Distributed Systems

Distributed Systems

CPSC 416, Winter 2022

Tu/Th 5-630PM online in January, then in ESB 1013

UBC page, Piazza, Canvas

Office hours


Course description

Leslie Lamport, a computer scientist who won the 2013 ACM Turing Award, gave the following definition of a distributed system:

A distributed system is one in which the failure of a computer you didn't even know existed can render your own computer unusable.

Yet, distribution provides numerous benefits. A system becomes more fault tolerant if there are fewer points of failure and it has no centralized components. By extending the system with more physical nodes the system gains performance and becomes more scalable, capable of handling more load. Distribution can also improve latency, by improving geographic diversity, by placing resources closer to clients who use the system.

Achieving these benefits is not easy. As the quote above illustrates, distributed systems can fail in complex ways and these systems are more difficult to build, test, and understand than centralized systems.

This course will introduce you to a broad range of topics in distributed systems. The tentative topics are listed in the schedule below. For the most part this will be a lecture-style course. However, distributed system concepts are notoriously challenging to internalize without first-hand experience. The emphasis of this course, therefore, will be on building distributed system prototypes, small and large.

Course pre-requisites: CPSC 317 (networks) and CPSC 313 (computer hardware and operating systems).
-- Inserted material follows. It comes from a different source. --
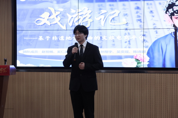5分钟路演环节中,各参赛团队通过PPT全面展示了项目的创新理念、实践应用、市场前景和团队协作等内容,充分展现了文理学子扎实的专业素养和勇于创新的精神风貌。其中,《百斗星》项目致力于职业规划服务,旨在通过技术创新解决大学生职业迷茫问题;《小手拓古今,童心印千年》项目以活字印刷术为载体,传承非遗文化;《矿冶流光·鎏金时代》项目聚焦黄石矿冶文化,探索文旅融合发展新路径《光影之约,皮影“童”行》项目将皮影融入幼儿课程设计,推广传统文化艺术创新及开发;《“阳”村三说,乡遇“新”语》项目通过DeepSeek+文旅导服模式,挖掘阳新历史底蕴,打造文旅新篇;《戏游记——基于非遗戏曲的文旅电商平台开发计划》项目采用戏曲+旅游产品消费的创新理念,保护与传承非遗文化。

Course staff: Ivan Beschastnikh (Instructor), Yanze (TA), Mishaal (TA), Mayank (TA).

Textbooks

There are three optional books for this course:

  1. Go Programming Language
  2. Programming in Go
  3. Distributed Systems: Principles and Paradigms (2nd Edition)
Although there are many tutorials introducing Go and the online Go documentation is well developed, some of you may find the first two books on the list helpful for a step-by-step introduction to Go.

Communication

At least part of this course (in January) will be held online, therefore it is essential to have clear channels of communication.

  • Use the course Piazza for all course-related communication. The Piazza also supports private posts that you can use to communicate with the instructor and the TAs.
  • We will use Zoom for synchronous online sessions (in January) during the scheduled course hours. These sessions will be recorded and made available to you. You can find the zoom links and zoom recordings on the course Canvas.
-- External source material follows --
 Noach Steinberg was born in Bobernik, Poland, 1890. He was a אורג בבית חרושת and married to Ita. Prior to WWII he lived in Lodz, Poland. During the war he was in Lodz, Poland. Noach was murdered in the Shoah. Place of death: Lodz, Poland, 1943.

Course-level learning goals

The course will provide an opportunity for students to

  • understand key principles in designing and implementing distributed systems
  • reason about problems that involve distributed components
  • become familiar with important techniques for solving problems that arise in distributed contexts
  • build distributed system prototypes using the Go programming language

Go resources

In this course we will exclusively use the Go programming language for all course work. Learning a new programming language is an important skill. You will practice it in this course. For the most part I will expect that you learn this language on your own. We will be using Go version 1.16.7 (available at /cs/local/bin/go on ugrad servers). If you use a personal machine, make sure to install this exact version. Though, please note that all homework solutions will be tested on the ugrad server machines.

Go is a systems language originally introduced by Google. It is especially well suited to building distributed systems. Like with any language, the fastest way to become proficient at Go is to put in the time writing programs in Go. Here are some resources to get you started:

Amanda and Stewart led an in-class Go tutorial in the Winter 2017 version of the course. Here is the recorded version: part 1, and part 2.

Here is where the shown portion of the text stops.